A WeChat ban in the United States has the potential to cause a minor drop in sales, but a WeChat ban in China would be devastating for Apple as many Chinese iPhone users feel their devices would be useless without the WeChat app.
In a Weibo survey highlighted by Bloomberg, for example, 95 percent of the 1.2 million people who responded said they would switch to an Android smartphone over an iPhone rather than give up WeChat. WeChat has more than 1.2 billion monthly active users, many of them in China.
One user in Hong Kong, Kenny Ou, told Bloomberg that a WeChat ban would turn the iPhone into "electronic trash," while another, Sky Ding, said WeChat is so important that most Chinese users would prefer to swap phones. "My family in China are all used to WeChat and all our communication is on the platform," said Ding.

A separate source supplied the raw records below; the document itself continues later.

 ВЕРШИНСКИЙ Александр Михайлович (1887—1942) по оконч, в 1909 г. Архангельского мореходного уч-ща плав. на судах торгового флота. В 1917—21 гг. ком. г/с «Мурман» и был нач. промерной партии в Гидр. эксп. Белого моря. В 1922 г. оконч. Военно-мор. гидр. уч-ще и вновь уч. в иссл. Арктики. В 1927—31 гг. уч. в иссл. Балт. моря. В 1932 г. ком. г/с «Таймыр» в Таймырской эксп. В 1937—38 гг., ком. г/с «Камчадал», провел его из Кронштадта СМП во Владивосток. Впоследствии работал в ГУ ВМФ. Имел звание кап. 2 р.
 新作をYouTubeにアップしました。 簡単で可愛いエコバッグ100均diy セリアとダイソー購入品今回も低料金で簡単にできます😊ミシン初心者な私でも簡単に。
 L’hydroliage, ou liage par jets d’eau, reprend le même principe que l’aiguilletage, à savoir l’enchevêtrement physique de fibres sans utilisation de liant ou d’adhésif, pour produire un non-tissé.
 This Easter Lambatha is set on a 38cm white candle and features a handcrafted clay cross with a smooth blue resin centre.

Many U.S. companies, including Apple, Ford, Walmart, and Disney have been aiming to convince the Trump administration not to ban WeChat. According to The Wall Street Journal, more than a dozen U.S companies raised concerns in a call with White House officials on Tuesday, with Apple included in the call.

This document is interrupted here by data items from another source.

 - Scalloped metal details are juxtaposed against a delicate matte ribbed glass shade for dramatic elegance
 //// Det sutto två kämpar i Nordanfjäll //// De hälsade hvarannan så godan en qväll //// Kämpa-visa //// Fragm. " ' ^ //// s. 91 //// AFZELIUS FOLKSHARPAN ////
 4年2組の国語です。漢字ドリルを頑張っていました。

"For those who don't live in China, they don't understand how vast the implications are if American companies aren't allowed to use it," said Craig Allen, president of the U.S.-China Business Council. "They are going to be held at a severe disadvantage to every competitor," he added.

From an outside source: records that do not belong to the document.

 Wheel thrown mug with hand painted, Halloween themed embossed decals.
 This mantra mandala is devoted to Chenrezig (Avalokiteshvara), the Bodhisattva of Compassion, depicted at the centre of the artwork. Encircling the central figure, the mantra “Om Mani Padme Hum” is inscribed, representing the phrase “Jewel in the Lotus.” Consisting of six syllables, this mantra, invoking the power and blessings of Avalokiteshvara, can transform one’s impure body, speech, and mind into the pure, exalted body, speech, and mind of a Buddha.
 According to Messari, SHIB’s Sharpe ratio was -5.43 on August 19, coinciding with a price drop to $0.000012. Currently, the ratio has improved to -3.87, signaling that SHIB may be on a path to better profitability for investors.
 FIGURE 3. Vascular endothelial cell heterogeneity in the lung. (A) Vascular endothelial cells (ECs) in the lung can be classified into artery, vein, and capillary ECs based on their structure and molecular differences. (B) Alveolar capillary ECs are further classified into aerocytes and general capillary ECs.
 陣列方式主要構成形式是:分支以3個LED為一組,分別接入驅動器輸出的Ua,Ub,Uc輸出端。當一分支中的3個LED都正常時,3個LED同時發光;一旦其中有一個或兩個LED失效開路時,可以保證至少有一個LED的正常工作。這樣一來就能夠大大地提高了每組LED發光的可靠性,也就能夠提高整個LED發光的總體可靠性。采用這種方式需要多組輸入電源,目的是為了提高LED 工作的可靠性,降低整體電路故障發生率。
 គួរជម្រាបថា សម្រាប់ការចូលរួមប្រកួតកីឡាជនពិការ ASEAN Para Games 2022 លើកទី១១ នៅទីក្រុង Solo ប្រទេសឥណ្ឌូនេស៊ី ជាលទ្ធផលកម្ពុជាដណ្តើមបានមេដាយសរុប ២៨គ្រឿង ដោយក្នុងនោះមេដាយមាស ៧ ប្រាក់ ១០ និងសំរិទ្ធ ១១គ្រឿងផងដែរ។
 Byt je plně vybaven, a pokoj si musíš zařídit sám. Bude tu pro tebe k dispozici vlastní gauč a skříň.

In a recent note to investors, Apple analyst Ming-Chi Kuo said that global iPhone shipments could decline by 25 to 30 percent if Apple is forced to remove WeChat from its App Store worldwide. If WeChat is only removed from the U.S. App Store, however, iPhone sales could be impacted by 3 to 6 percent.
The Trump administration is aiming to ban all U.S. transactions with ByteDance (which makes TikTok) and Tencent. The ban was announced on August 7 and there are 39 days left before it goes into effect.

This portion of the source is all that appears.